*** Opening of Record set ***
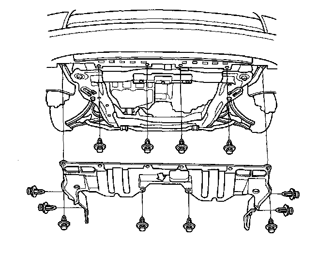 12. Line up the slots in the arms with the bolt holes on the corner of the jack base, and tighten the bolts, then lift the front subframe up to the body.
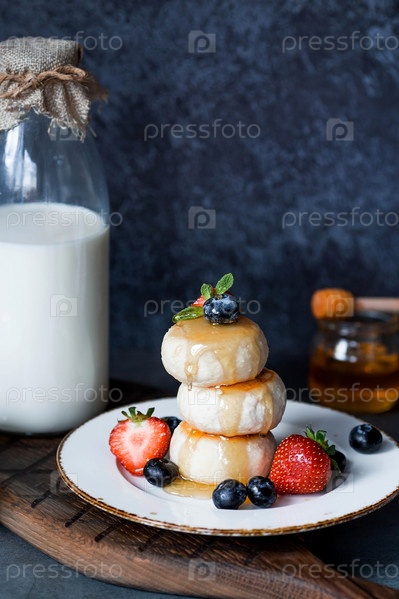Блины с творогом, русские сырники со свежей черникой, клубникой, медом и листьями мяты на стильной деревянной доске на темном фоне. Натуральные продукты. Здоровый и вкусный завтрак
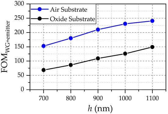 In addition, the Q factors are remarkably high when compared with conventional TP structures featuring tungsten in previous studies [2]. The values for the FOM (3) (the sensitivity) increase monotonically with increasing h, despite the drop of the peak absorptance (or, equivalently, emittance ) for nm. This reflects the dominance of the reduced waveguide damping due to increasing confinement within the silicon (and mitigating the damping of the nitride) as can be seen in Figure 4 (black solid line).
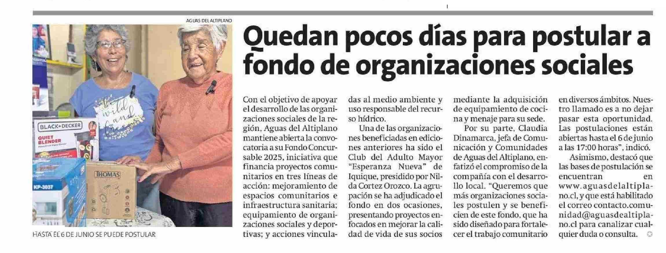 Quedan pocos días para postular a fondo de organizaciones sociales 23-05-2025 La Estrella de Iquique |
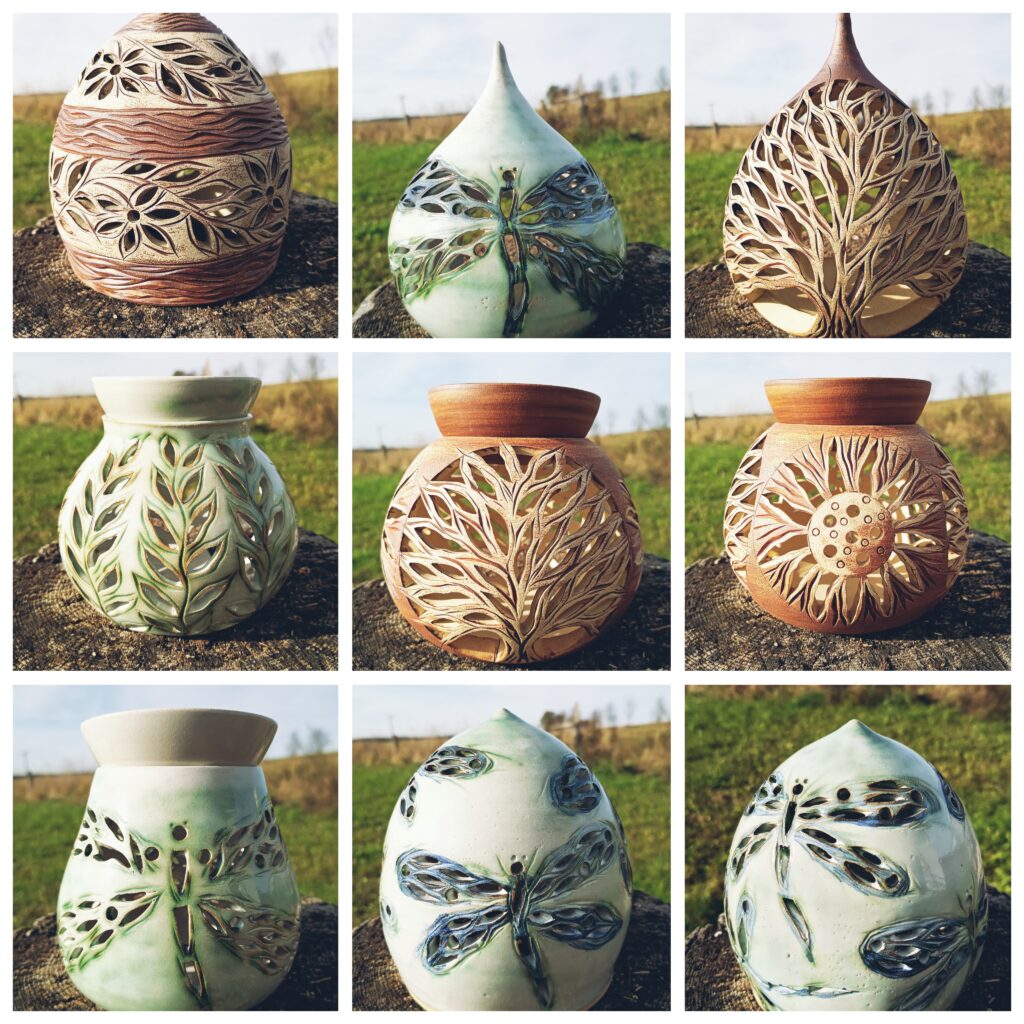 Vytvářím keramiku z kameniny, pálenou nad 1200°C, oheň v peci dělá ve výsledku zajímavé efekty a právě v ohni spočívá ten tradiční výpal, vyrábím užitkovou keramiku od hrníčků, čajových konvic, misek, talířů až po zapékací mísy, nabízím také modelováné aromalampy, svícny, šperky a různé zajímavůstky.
*** Close of Record set ***
*** Opening of Record set ***
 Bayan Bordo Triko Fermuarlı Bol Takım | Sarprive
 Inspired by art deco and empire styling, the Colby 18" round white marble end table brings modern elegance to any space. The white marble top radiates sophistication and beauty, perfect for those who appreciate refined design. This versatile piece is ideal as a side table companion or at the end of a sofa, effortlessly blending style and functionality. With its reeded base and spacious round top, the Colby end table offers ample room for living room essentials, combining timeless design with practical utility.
*** Close of Record set ***
■ **Task requirements**:
Leaving out all pictures, set down exactly the lines of the material above, from the line with "12. Line up" to the line with "Блины с творогом, русские" inclusive, and no others.

■ **Answer to this task**:
 12. Line up the slots in the arms with the bolt holes on the corner of the jack base, and tighten the bolts, then lift the front subframe up to the body.
Блины с творогом, русские сырники со свежей черникой, клубникой, медом и листьями мяты на стильной деревянной доске на темном фоне. Натуральные продукты. Здоровый и вкусный завтрак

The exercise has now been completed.